YOUR GOAL | The listing is to be reproduced exactly, excluding its pictures.

SUPPLIED MATERIAL |
****

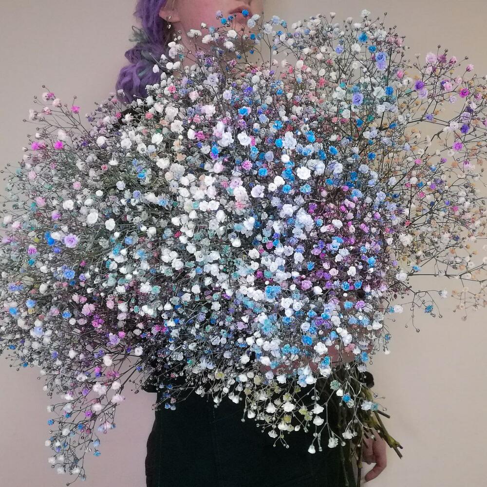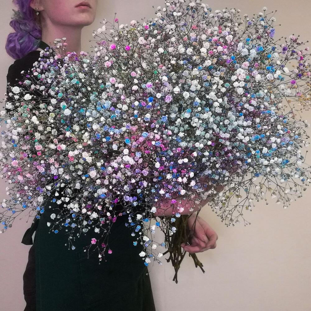Огромный пышный букет яркой радужной гипсофилы несомненно удивит ваших близких!
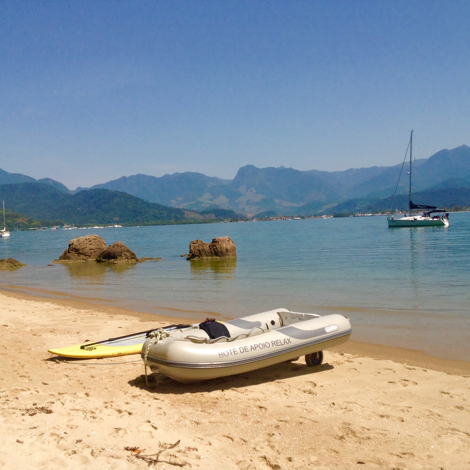 Aproveitamos para abastecer os barcos de água doce e também lavei algumas roupas. Esta prainha é muito conhecida pelos velejadores que não ficam em marinas e também por aqueles que estão de passagem e precisam de um lugar para pegar água doce, lavar o bote e parar num local de fácil acesso à cidade de Paraty. Curtimos a prainha pela manhã e depois fomos com os veleiros rumo a Paraty, onde ancoramos próximo ao cais e descemos de bote até a cidade. Passeamos pelo centro histórico, sempre movimentado pelos turistas que buscam passeios náuticos nas centenas de saveiros e escunas que levam os turistas para conhecer está linda Baia de Paraty. Almoçamos, fomos ao mercado reabastecer os barcos, passamos na sorveteria e voltamos para pernoitar na prainha dos vagabundos. Lá apresentamos aos nossos amigos a Helena e o Artur, do veleiro Paisano, e a Vera, do veleiro Teimoso, nos ofereceu um jantar caprichado que estava muito gostoso.
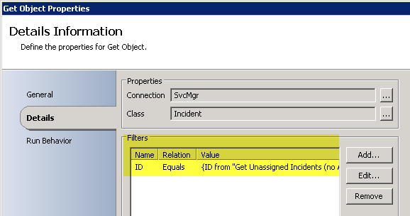 This Activity comes from the Microsoft SCSM OIP. I need it to get the Object GUID from all found Incidents. This GUID is needed to update the objects with the next Activity. To get the GUID I set a filter to the ID and use Published Data from the “Get all unassigned Incidents …” object. This means, that it will get the GUID for every Incident that was found in our workflow.
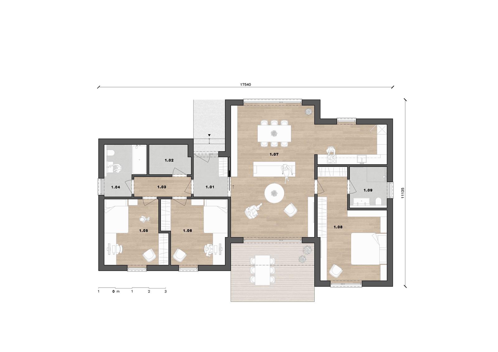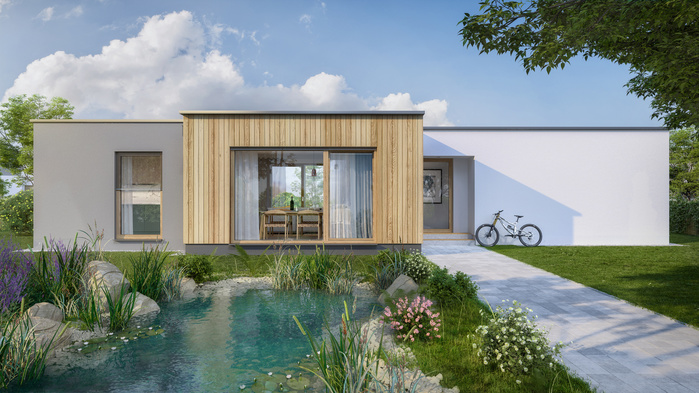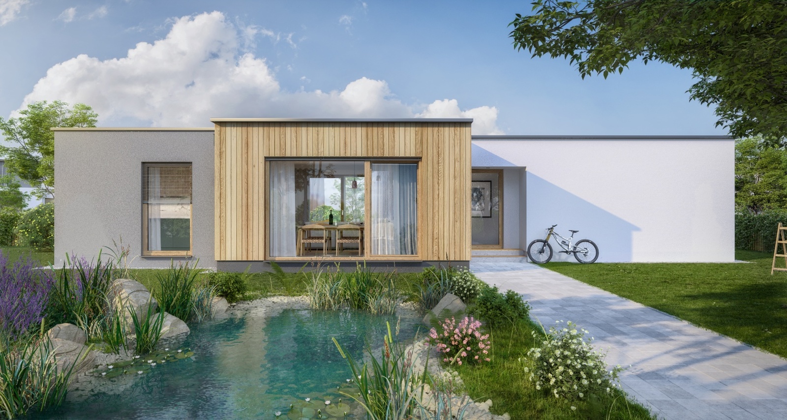Jedná se o moderní přízemní dům, který je hmotově složen ze 3 kvádrů. Toto hmotové uspořádání umožňuje rozdělení domu na 3 funkční části. Vstupní prostor se zázemím domu a dětskými pokoji, hlavní obytnou místnost, která se nachází v prostřední části a ložnici s koupelnou. Při navrhování byl kladen důraz na propojení všech obytných místností se zahradou.

****

YOUR RESPONSE |
Огромный пышный букет яркой радужной гипсофилы несомненно удивит ваших близких!
 Aproveitamos para abastecer os barcos de água doce e também lavei algumas roupas. Esta prainha é muito conhecida pelos velejadores que não ficam em marinas e também por aqueles que estão de passagem e precisam de um lugar para pegar água doce, lavar o bote e parar num local de fácil acesso à cidade de Paraty. Curtimos a prainha pela manhã e depois fomos com os veleiros rumo a Paraty, onde ancoramos próximo ao cais e descemos de bote até a cidade. Passeamos pelo centro histórico, sempre movimentado pelos turistas que buscam passeios náuticos nas centenas de saveiros e escunas que levam os turistas para conhecer está linda Baia de Paraty. Almoçamos, fomos ao mercado reabastecer os barcos, passamos na sorveteria e voltamos para pernoitar na prainha dos vagabundos. Lá apresentamos aos nossos amigos a Helena e o Artur, do veleiro Paisano, e a Vera, do veleiro Teimoso, nos ofereceu um jantar caprichado que estava muito gostoso.
 This Activity comes from the Microsoft SCSM OIP. I need it to get the Object GUID from all found Incidents. This GUID is needed to update the objects with the next Activity. To get the GUID I set a filter to the ID and use Published Data from the “Get all unassigned Incidents …” object. This means, that it will get the GUID for every Incident that was found in our workflow.
Jedná se o moderní přízemní dům, který je hmotově složen ze 3 kvádrů. Toto hmotové uspořádání umožňuje rozdělení domu na 3 funkční části. Vstupní prostor se zázemím domu a dětskými pokoji, hlavní obytnou místnost, která se nachází v prostřední části a ložnici s koupelnou. Při navrhování byl kladen důraz na propojení všech obytných místností se zahradou.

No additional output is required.